Saturation of surgical field model with CO2

The delivery of Carbon Dioxide gas from the TEMED Gas Diffuser. The CO2 can be seen as it is being filmed using a FLIR GF343 Optical Gas Imaging Camera. The camera is able to detect CO2­ owing to having a spectral range that is 4.2 – 4.4 µm. CO2 absorbs infrared radiation at 4.3 µm.

In the first image the CO2 is not being delivered. You can see a CO2 sensor and a TEMED Gas Diffuser.

CO2 flow has been initiated. CO2 is not visible to the naked eye.

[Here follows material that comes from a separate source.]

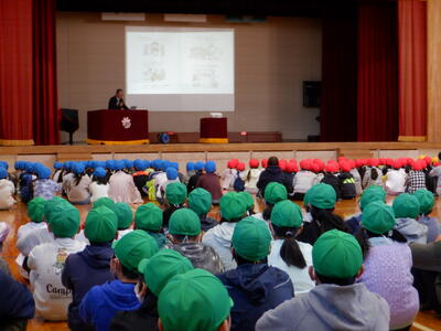 | 今朝、体育館で行われた全校朝会では、11月の生活目標についてのお話がありました。今月の目標は「本をたくさん読もう」です。 先生からは、「本を読むことで、たくさんのことを知ることができる」「想像力が広がる」「心が豊かになる」など、読書の素晴らしさについて教えていただきました。子どもたちは真剣な表情で話を聞きながら、自分もたくさん読んでみようという気持ちを高めていました。 今月は、どれだけの本と出会えるでしょうか?12月には、みんながどれくらい本を読めたかを振り返る予定です。図書室の本をたくさん借りて、読書の秋を楽しみましょう。 |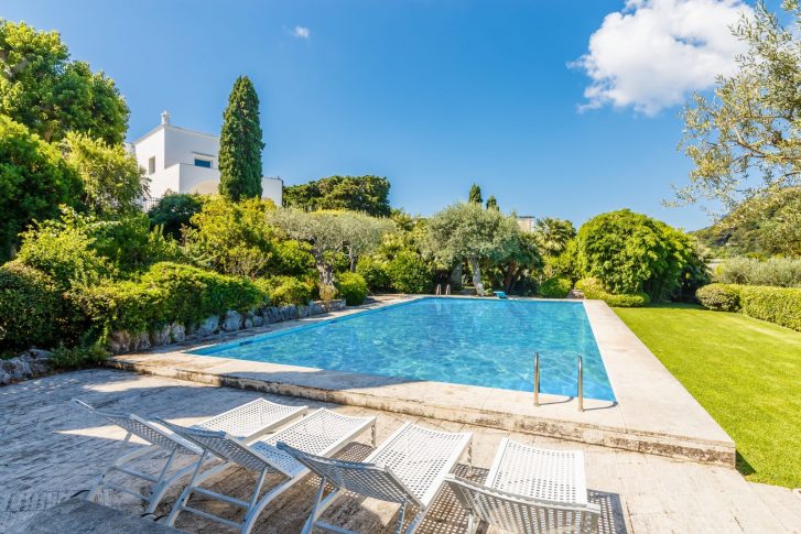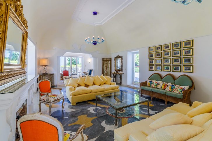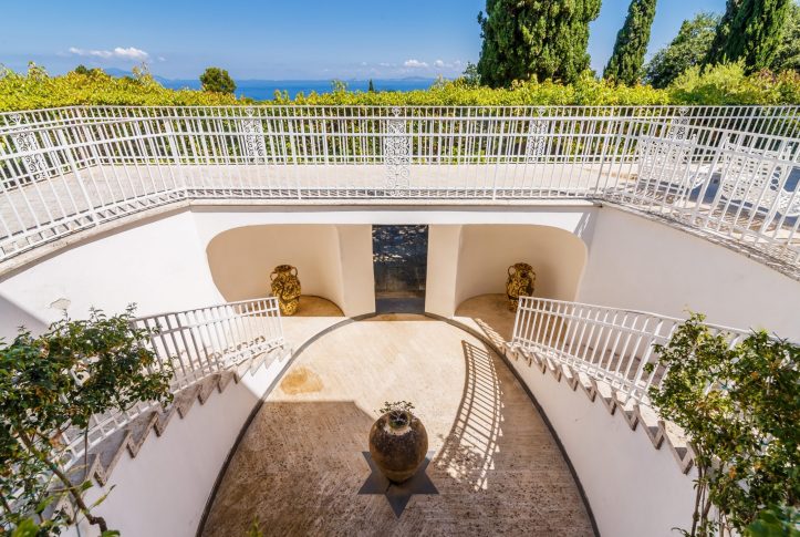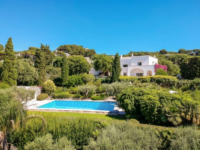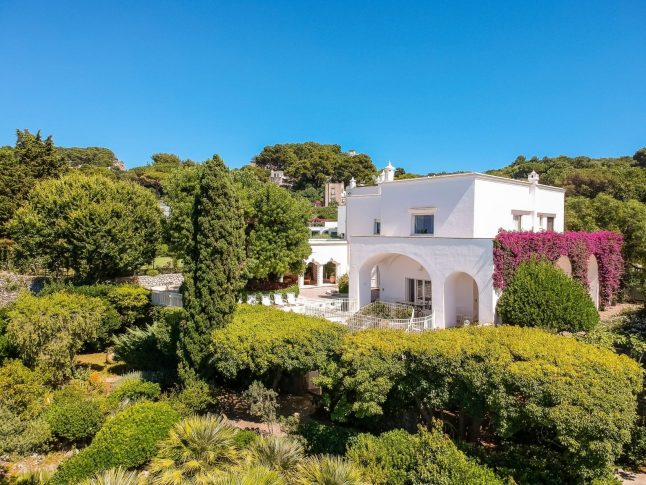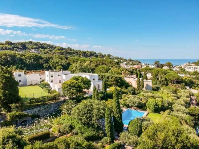 Вилла окружена ботаническим парком в 150 растений; сама структура состоит из двух зданий. Основная вилла имеет 800 кв. м., флигель – 400 кв. м. Здания отличаются архитектурой стиля Капри, для которой характерно использование белого известняка. Оба здания были в недавнем времени полностью отреставрированы нынешними владельцами; в здании были сохранены оригинальные напольные покрытия из декорированной керамики, мрамора и паркета каштанового дерева. Основная вилла состоит из четырех этаже; на ее первом этаже расположены приемные салоны с антикварной мебелью, выходящие в патио и на веранды. Второй этаж отведен под четыре спальни для гостей с ванными и гардеробными. Третий этаж – под хозяйские покои с двумя спальнями, ванными и большой гостиной. На третьем этаже также расположена дополнительная спальня с ванной и гардеробной, а также с выходом на террасу. Вилла оснащена системой домашнего видеонаблюдения и кондиционером. Стоит особенно отметить и флигель, предназначенный для гостей; он был построен в 50-х годах и состоит из трех этажей. Ухоженный парк с садом украшает бассейн, декорированный мозаикой Бисазза, а также площадка для тенниса или футбола.

The camera is able to show it due to the spectral range in which the camera operates.

One should view these images and have in mind the simple candle films which show how if carbon dioxide is delivered gently in a diffuse way one can create a stable CO2 atmosphere.

You can see from the candle films that not all methods of CO2 delivery can achieve a stable CO2 atmosphere.

As the concentration of CO2 increases the line containing the CO2 sensor becomes more difficult to see; as does the TEMED Gas Diffuser which is delivering the CO2.

You can see from these images why it is difficult to create a stable 100 percent CO2 atmosphere if you use something like an open ended tube which will deliver the CO2 as a jet.

In the final image it is almost impossible to see the TEMED Gas Diffuser as there is a 100 percent CO2 atmosphere.

Below is a film showing in a practical way what happens when two different CO2 delivery methods are used.

We will leave it up to you to determine which method of delivery is more effective.

Using a CheckMate3 Gas Analyser one is able to test the atmosphere in the model. The CO2 was first tested at source and gave a reading of 98 percent. Therefore when the model reached 98 percent this was extrapolated as meaning the model had reached a 100 percent CO2 atmosphere.